[COLLECTED MATERIAL]

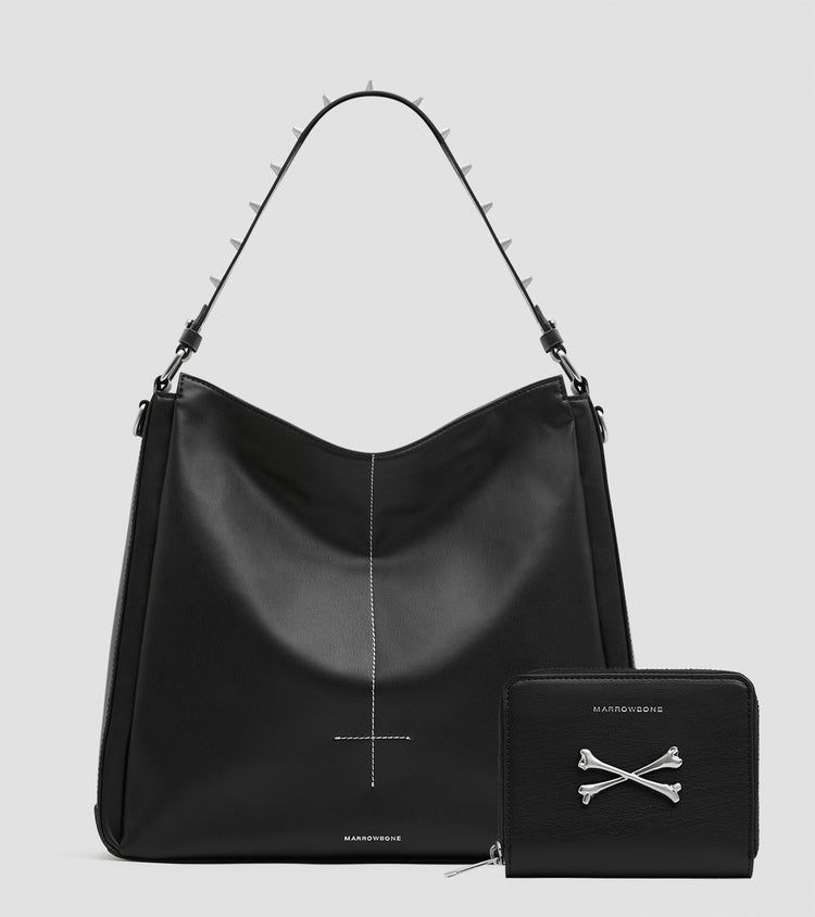 The Inverted Cross Bag makes an impact with its slouchy silhouette, spiked shoulder strap, and signature coffin zippers, while the Crossbones Wallet keeps your essentials in check with brushed silver metal details and extra internal storage for smaller items.
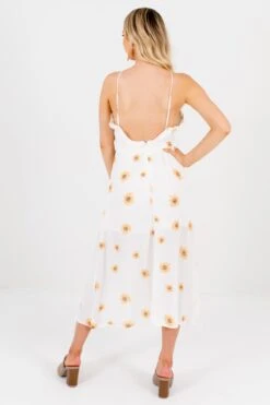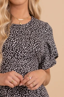 The sheer flutter sleeves, long maxi length, smocked waistline, and tiered details make this dress so pretty! The lightweight, high-quality material creates a comfortable and flattering silhouette. The button front and v-neckline create the perfect finishing touches! It has a partial interior lining that reaches the knees.
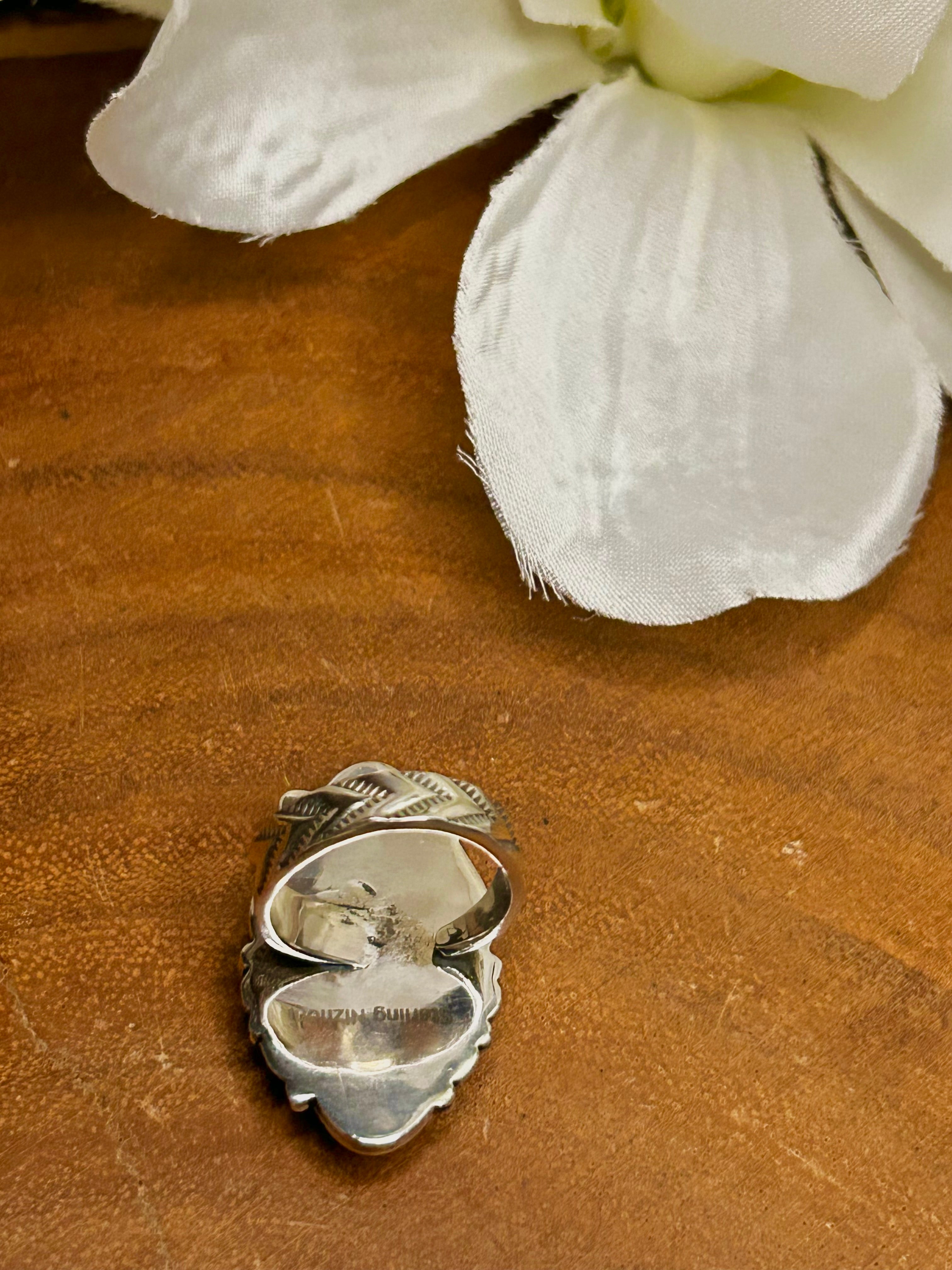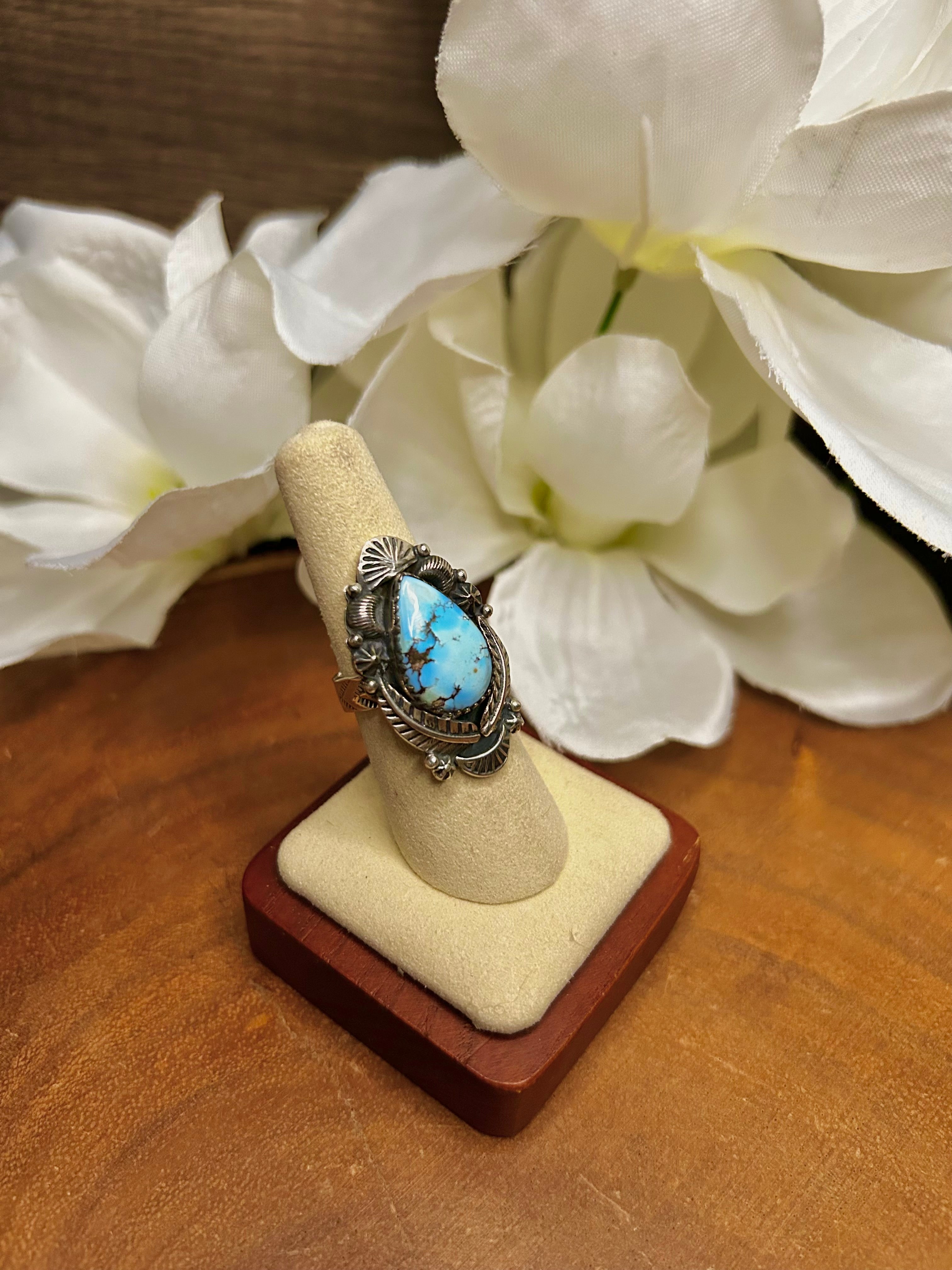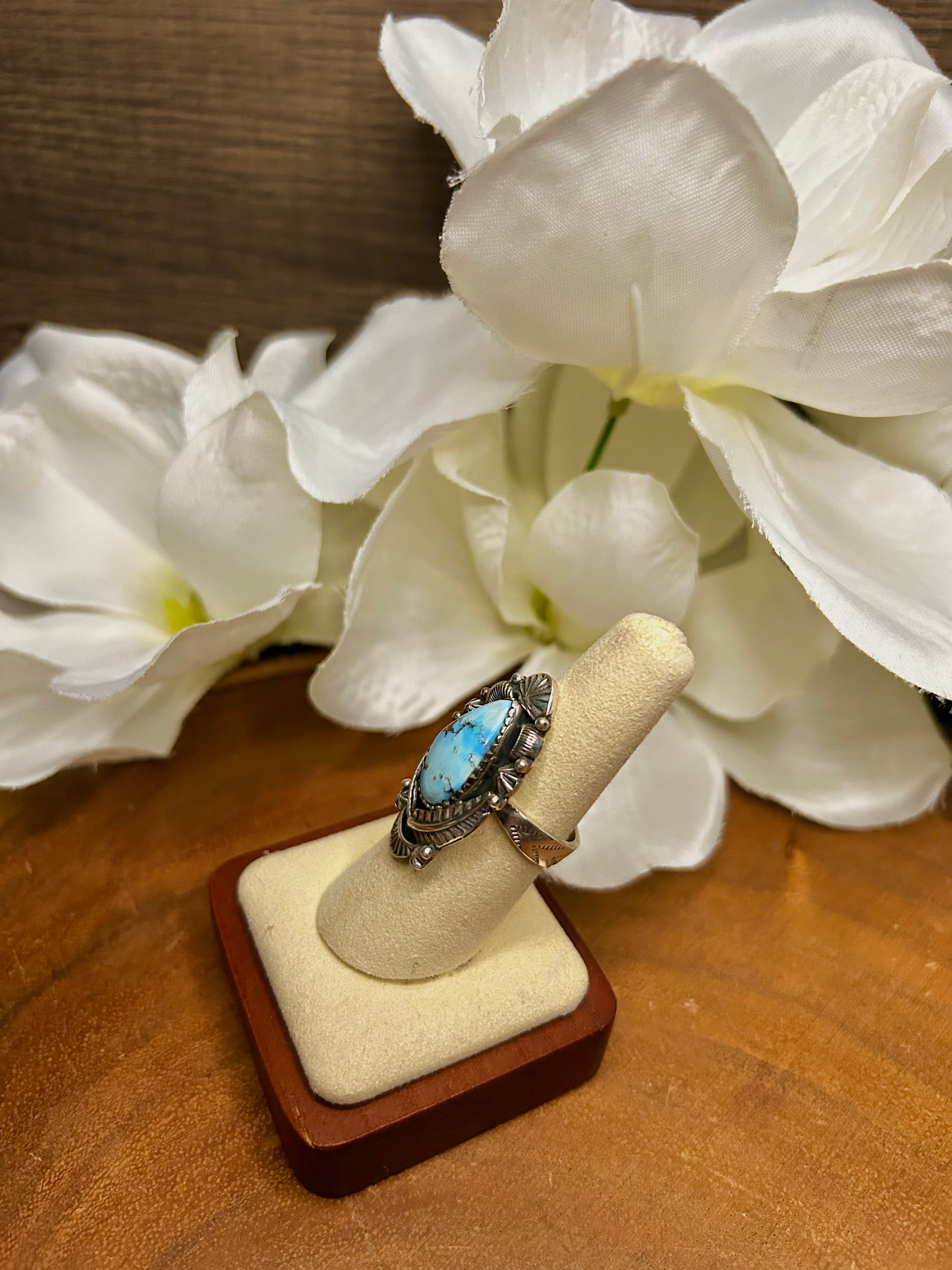Southwest Made Golden Hill’s Turquoise & Sterling Sliver Cluster Adjustable Ring. It measures 1 3/8 inches long and 7/8 of an inch wide. Signed by the artist and stamped sterling silver.

[BRIEF] An exact copy of the listing is required; return it without any pictures.

[RESPONSE TO THIS EXERCISE]
 The Inverted Cross Bag makes an impact with its slouchy silhouette, spiked shoulder strap, and signature coffin zippers, while the Crossbones Wallet keeps your essentials in check with brushed silver metal details and extra internal storage for smaller items.
 The sheer flutter sleeves, long maxi length, smocked waistline, and tiered details make this dress so pretty! The lightweight, high-quality material creates a comfortable and flattering silhouette. The button front and v-neckline create the perfect finishing touches! It has a partial interior lining that reaches the knees.
Southwest Made Golden Hill’s Turquoise & Sterling Sliver Cluster Adjustable Ring. It measures 1 3/8 inches long and 7/8 of an inch wide. Signed by the artist and stamped sterling silver.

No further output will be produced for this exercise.